-- Supplied material follows --
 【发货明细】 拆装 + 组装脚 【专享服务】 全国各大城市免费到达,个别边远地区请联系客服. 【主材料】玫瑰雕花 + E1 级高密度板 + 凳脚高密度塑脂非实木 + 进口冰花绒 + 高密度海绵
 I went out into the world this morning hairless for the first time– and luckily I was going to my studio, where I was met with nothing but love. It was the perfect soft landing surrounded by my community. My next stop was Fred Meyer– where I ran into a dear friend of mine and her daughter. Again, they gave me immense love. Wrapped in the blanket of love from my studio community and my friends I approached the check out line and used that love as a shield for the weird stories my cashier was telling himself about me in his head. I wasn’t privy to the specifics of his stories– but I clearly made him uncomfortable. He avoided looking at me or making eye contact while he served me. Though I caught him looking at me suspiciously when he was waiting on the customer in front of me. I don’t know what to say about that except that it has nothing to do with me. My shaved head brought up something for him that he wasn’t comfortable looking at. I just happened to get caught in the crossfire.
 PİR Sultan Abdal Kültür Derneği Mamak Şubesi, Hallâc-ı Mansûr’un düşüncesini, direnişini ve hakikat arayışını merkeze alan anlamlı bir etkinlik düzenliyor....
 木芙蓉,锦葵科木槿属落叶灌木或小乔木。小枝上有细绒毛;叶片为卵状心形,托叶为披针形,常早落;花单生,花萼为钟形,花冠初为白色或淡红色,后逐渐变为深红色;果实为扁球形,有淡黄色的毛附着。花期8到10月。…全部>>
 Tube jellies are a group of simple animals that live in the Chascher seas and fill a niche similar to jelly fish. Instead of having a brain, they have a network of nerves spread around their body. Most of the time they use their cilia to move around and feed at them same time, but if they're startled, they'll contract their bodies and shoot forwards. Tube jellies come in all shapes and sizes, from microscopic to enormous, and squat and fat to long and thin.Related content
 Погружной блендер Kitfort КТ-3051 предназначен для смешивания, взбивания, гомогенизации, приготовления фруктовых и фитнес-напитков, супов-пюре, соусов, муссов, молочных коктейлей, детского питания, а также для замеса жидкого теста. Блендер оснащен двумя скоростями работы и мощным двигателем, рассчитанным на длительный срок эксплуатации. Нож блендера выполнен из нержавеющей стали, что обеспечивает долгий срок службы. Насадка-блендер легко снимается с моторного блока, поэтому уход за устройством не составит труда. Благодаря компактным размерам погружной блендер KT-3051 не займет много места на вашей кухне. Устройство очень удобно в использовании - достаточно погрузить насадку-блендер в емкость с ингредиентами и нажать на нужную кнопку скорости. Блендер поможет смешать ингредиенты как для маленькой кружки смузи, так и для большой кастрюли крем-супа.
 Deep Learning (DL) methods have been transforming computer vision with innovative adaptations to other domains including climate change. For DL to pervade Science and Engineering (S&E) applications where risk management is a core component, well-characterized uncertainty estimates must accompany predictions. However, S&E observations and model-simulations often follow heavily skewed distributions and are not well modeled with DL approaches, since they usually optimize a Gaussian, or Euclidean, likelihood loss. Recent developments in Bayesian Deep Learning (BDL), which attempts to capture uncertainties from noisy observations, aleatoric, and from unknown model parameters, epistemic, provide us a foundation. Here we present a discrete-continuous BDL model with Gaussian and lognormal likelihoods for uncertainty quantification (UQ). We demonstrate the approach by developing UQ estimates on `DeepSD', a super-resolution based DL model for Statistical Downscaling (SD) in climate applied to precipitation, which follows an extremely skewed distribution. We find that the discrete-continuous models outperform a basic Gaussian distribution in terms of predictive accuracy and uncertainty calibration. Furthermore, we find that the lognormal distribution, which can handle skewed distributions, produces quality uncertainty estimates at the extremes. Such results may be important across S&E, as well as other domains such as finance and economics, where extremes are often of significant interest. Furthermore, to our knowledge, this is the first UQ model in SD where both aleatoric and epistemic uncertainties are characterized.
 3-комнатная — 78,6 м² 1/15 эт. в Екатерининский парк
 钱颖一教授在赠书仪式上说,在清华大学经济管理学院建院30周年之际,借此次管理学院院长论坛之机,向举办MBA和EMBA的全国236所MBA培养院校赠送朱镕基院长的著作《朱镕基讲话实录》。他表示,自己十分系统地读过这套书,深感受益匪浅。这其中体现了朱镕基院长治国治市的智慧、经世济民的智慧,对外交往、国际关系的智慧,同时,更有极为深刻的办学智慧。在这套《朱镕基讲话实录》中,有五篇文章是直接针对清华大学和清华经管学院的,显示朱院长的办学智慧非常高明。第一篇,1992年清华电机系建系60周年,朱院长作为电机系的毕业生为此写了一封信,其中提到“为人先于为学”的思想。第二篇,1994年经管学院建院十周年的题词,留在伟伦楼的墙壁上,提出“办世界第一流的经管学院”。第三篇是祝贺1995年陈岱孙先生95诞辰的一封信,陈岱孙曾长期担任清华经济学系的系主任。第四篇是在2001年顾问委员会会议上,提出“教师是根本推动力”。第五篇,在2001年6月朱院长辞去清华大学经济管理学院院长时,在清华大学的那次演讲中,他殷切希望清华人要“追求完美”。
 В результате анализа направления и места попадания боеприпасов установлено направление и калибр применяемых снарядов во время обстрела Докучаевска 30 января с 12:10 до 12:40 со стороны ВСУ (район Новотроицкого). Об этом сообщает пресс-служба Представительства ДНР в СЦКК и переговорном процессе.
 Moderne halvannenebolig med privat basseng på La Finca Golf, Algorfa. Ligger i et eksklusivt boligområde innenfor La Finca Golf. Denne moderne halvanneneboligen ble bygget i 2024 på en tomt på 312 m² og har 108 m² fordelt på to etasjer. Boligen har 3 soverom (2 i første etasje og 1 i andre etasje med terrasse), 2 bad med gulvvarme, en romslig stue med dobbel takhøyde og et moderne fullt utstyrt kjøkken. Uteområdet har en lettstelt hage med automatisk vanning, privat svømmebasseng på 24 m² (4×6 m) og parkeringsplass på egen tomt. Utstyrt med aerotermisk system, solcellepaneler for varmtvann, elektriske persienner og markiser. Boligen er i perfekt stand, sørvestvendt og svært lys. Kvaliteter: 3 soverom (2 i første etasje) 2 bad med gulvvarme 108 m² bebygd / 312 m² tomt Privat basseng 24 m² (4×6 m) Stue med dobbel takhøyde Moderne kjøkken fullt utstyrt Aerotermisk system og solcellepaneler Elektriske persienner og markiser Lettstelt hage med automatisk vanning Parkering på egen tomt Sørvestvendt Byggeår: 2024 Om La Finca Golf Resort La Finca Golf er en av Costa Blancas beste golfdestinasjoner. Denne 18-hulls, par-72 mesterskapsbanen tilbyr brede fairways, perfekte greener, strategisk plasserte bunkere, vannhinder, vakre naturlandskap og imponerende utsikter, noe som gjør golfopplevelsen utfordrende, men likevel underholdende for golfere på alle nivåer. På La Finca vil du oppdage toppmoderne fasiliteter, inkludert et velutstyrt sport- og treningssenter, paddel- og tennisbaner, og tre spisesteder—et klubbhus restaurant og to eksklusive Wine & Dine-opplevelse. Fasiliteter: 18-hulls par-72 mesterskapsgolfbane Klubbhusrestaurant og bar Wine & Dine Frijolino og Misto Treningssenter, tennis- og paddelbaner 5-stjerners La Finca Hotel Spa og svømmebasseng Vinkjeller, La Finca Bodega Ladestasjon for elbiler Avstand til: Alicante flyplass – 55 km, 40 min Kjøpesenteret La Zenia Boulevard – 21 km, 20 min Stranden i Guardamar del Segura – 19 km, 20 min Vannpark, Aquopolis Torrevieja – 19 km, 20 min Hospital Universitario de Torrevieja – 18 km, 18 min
-- Supplied material concluded --
• _About this exercise_: From the material above, set down exactly the lines starting at the one with "PİR Sultan Abdal" and ending at the one with "木芙蓉,锦葵科木槿属落叶灌木", end lines included.

• _Answer box_:
 PİR Sultan Abdal Kültür Derneği Mamak Şubesi, Hallâc-ı Mansûr’un düşüncesini, direnişini ve hakikat arayışını merkeze alan anlamlı bir etkinlik düzenliyor....
 木芙蓉,锦葵科木槿属落叶灌木或小乔木。小枝上有细绒毛;叶片为卵状心形,托叶为披针形,常早落;花单生,花萼为钟形,花冠初为白色或淡红色,后逐渐变为深红色;果实为扁球形,有淡黄色的毛附着。花期8到10月。…全部>>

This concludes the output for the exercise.